After that, wet etching is performed for about 5 minutes using 200: 1 hydrofluoric acid to etch and remove the selective oxidation layer (14A) (FIG. 4). As a result, the selective oxidation layer (14A), that is, the defect layer (14) is removed, and the defect-free silicon substrate (11) is hardly removed. As a result, the defect layer (14) is selectively removed. .

Therefore, it is possible to remove the defect layer (14) without excess or deficiency, and it is possible to remove the defect layer (14) without overetching as in the conventional case.
Furthermore, because it is etched by wet etching,
It is also possible to prevent a new defect from occurring when removing the defect layer (14).

[0015]

As described above, according to the method of manufacturing a semiconductor device of the present invention, the insulating film (12) is formed on the silicon substrate (11) and the predetermined resist pattern (1) is formed.
3) is formed and the insulating film (12) is dry-etched,
An opening (15) is formed to expose the silicon substrate (11), and the silicon substrate (1
1) The defect layer (14) generated on the surface is oxidized to form a selective oxidation layer (14A), and the selective oxidation layer (14A) is removed by wet etching.

Therefore, it becomes possible to remove the defect layer (14) without excess or deficiency, and it becomes possible to remove the defect layer without overetching as in the conventional case, and etching is performed by wet etching. Therefore, it is possible to prevent a new defect from occurring when removing the defect layer.

[Brief description of drawings]

FIG. 1 is a first cross-sectional view illustrating a method of manufacturing a semiconductor device according to an embodiment of the invention.

FIG. 2 is a second cross-sectional view illustrating the method for manufacturing the semiconductor device according to the embodiment of the invention.

FIG. 3 is a third cross-sectional view illustrating the method for manufacturing the semiconductor device according to the embodiment of the invention.

FIG. 4 is a fourth sectional view illustrating the method for manufacturing the semiconductor device according to the embodiment of the invention.

FIG. 5 is a first cross-sectional view illustrating the method of manufacturing the semiconductor device according to the conventional example.

FIG. 6 is a second cross-sectional view illustrating the method for manufacturing the semiconductor device according to the conventional example.

FIG. 7 is a third cross-sectional view explaining the method for manufacturing the semiconductor device according to the conventional example.
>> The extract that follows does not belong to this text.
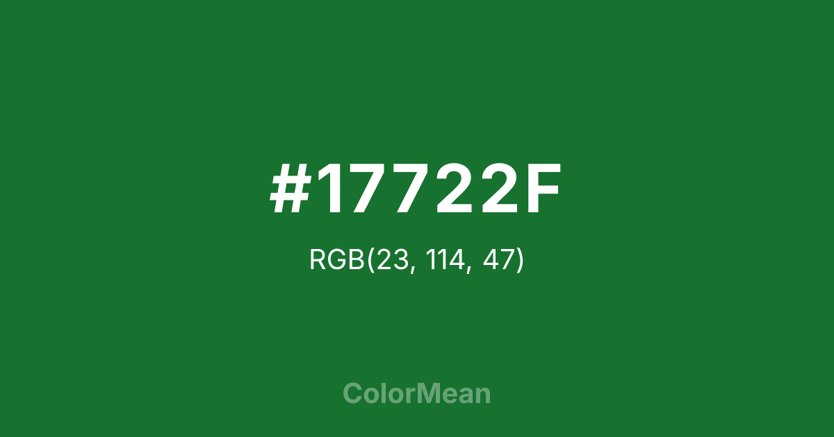 #17722F RGB value is (23, 114, 47). The hex color red value is 23, green is 114, and blue is 47. Its HSL format shows a hue of 136°, saturation of 66 percent, and lightness of 27 percent. The CMYK process values are 80 percent, 0 percent, 59 percent, 55 percent.

─────────────────────────────────────────────────── ─── Continuation of the front page (51) Int.Cl. ⁶ Identification number Office reference number FI technical display location H01L 21/306

Claims (2)

[Claims] 1. An insulating film (1) is formed on a silicon substrate (11).
2) is formed, a predetermined resist pattern (13) is formed, the insulating film (12) is dry-etched using the resist pattern (13) as a mask, and an opening (15) is formed to form the silicon substrate. Exposing (11); forming a selective oxidation layer (14A) by oxidizing the defect layer (14) generated on the surface of the silicon substrate (11) during the dry etching step; And a step of removing the oxide layer (14A) by wet etching. 2. An insulating film (12) made of a BPSG film is formed on a silicon substrate (11), a predetermined resist pattern (13) is formed, and the insulating film (13) is used as a mask. 12) dry etching
In the step of forming the opening (15) to expose the silicon substrate (11) and the step of the dry etching, the defect layer (14) generated on the surface of the silicon substrate (11) is oxidized and selected. A method of manufacturing a semiconductor device, comprising: a step of forming an oxide layer (14A); and a step of removing the selective oxidation layer (14A) by wet etching using a hydrofluoric acid-based etching solution.